BACKGROUND OF THE INVENTION 1. Field of the Invention [0001] The present invention relates to a battery module heating system,

The present invention relates to a system and method for heating a battery module, and more particularly, to a system and method for heating a battery module using power stored in the battery module.

When the internal temperature of the battery of the electric vehicle is relatively cold, the amount of electric power supplied from the battery may be lower than the required electric power level.

The inventors have found that there is a need for a system and method for heating a battery module to eliminate the aforementioned inefficiencies.

It is an object of the present invention to provide a heating system and method for a battery module.

According to an aspect of the present invention, there is provided a heating system for a battery module having first and second battery cell groups, wherein when the first switch is in the first operating position, A first resistor configured to be electrically coupled to the first battery cell group; A second resistor configured to be electrically coupled to the second battery cell group when the second switch is in the first operating position; A temperature sensor configured to output a temperature signal indicative of a temperature level of at least one of the first battery cell group and the second battery cell group; And first and second battery cell groups each of which discharges through the first and second resistors to generate thermal energy such that each of the first and second battery cell groups discharges through the first and second resistors such that if the temperature level is lower than a critical temperature level, A third control signal for turning on the fan to increase the temperature level of the battery module by distributing the thermal energy in the battery module, outputting first and second control signals such that each of the switches is in the first operating position, And a computer for outputting the program.

According to an embodiment of the present invention, when the temperature level is equal to or higher than the critical temperature level, the output of the first and second control signals causes the first and second switches to switch to the second operating position So that each of the first and second battery cell groups stops discharging through the first and second resistors.

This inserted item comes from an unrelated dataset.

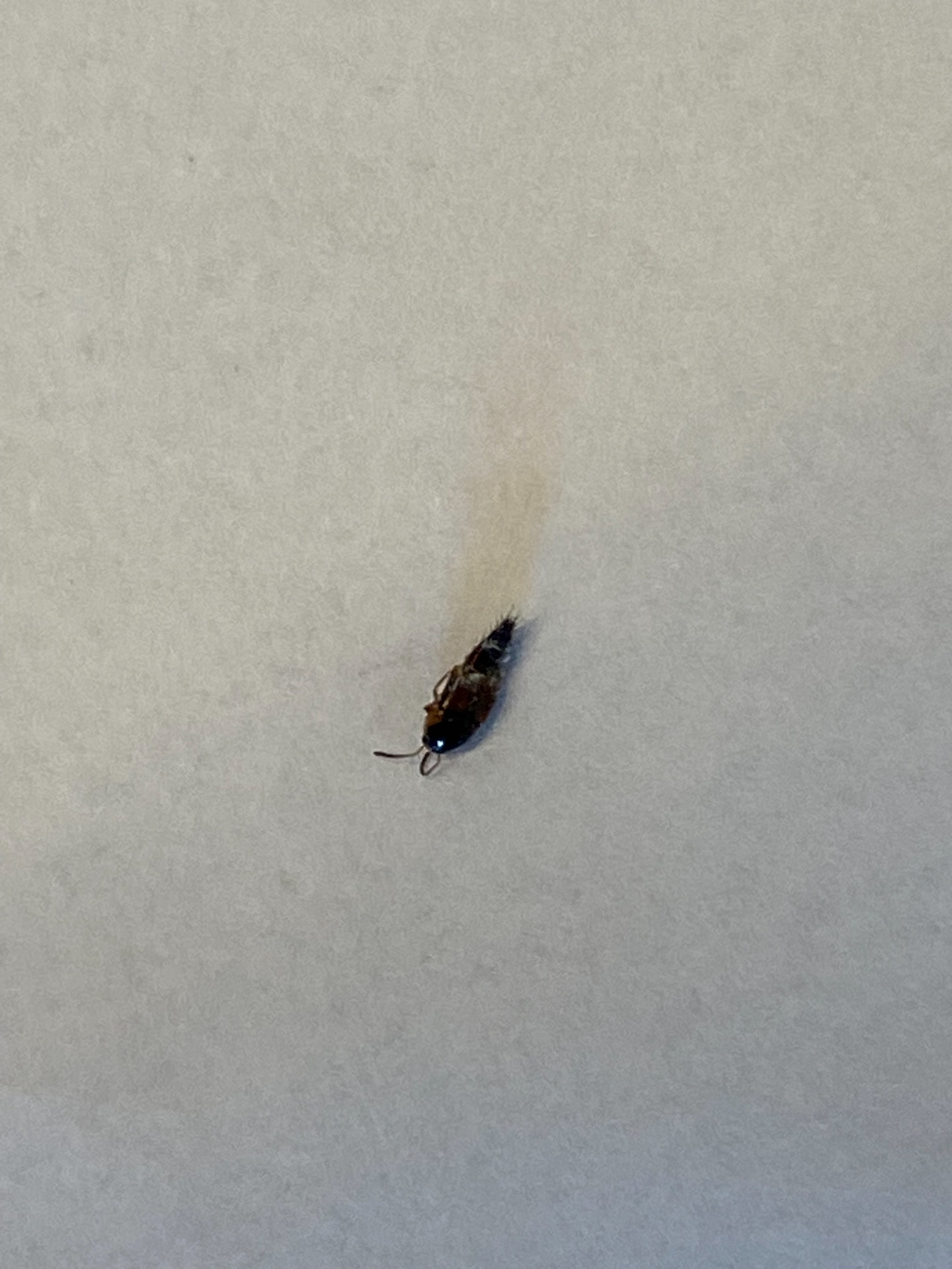 Jag hittade den här insekten död under sängen. Den var 4 till 6 millimeter lång. Vad är det för insekt? Tänkte först att det var en pälsänger eller en vägglus, men inget av alternativen verkar passa. Jag har sett pälsänger i lägenheten tidigare, dock.

According to an embodiment of the present invention, when the temperature level is equal to or higher than the threshold temperature level, the computer stops outputting the third control signal and turns the fan off.

According to an embodiment of the present invention, the computer is configured to electrically balance the first battery cell group with the second battery cell group based on the first and second signals output from the first and second voltage sensors, respectively, And outputs first and second control signals when the temperature level is lower than the critical temperature level and the first battery cell group is electrically balanced with the second battery cell group.

According to another aspect of the present invention, there is provided a heating method for a battery module having a first and a second battery cell group, the method comprising: Outputting a temperature signal indicative of a temperature level of at least one of the battery cell groups; Wherein if the temperature level is lower than the critical temperature level, each of the first and second battery cell groups discharges through each of the first and second resistors to generate thermal energy to be partially discharged using the computer, Outputting first and second control signals, respectively, such that each of the first and second switches is in the first operating position; And outputting a third control signal to turn on the fan to increase the temperature level of the battery module by dispersing thermal energy in the battery module using the computer.

The method for a battery module according to the present invention is characterized in that when the temperature level is equal to or higher than the critical temperature level by using the computer, the first and second switches are moved to the second operating position, Stopping the output of the first and second control signals by causing each of the two battery cell groups to stop discharging through the first and second resistors.

The method for a battery module according to the present invention stops the output of the third control signal so that the fan is turned off when the temperature level is equal to or higher than the critical temperature level using the computer Step;

The method for a battery module according to the present invention is characterized in that based on first and second signals output from each of the first and second voltage sensors using the computer, Determining whether or not electrical balancing is performed with respect to the electric field; And outputting first and second control signals using the computer when the temperature level is lower than a critical temperature level and the first battery cell group is electrically balanced with the second battery cell group .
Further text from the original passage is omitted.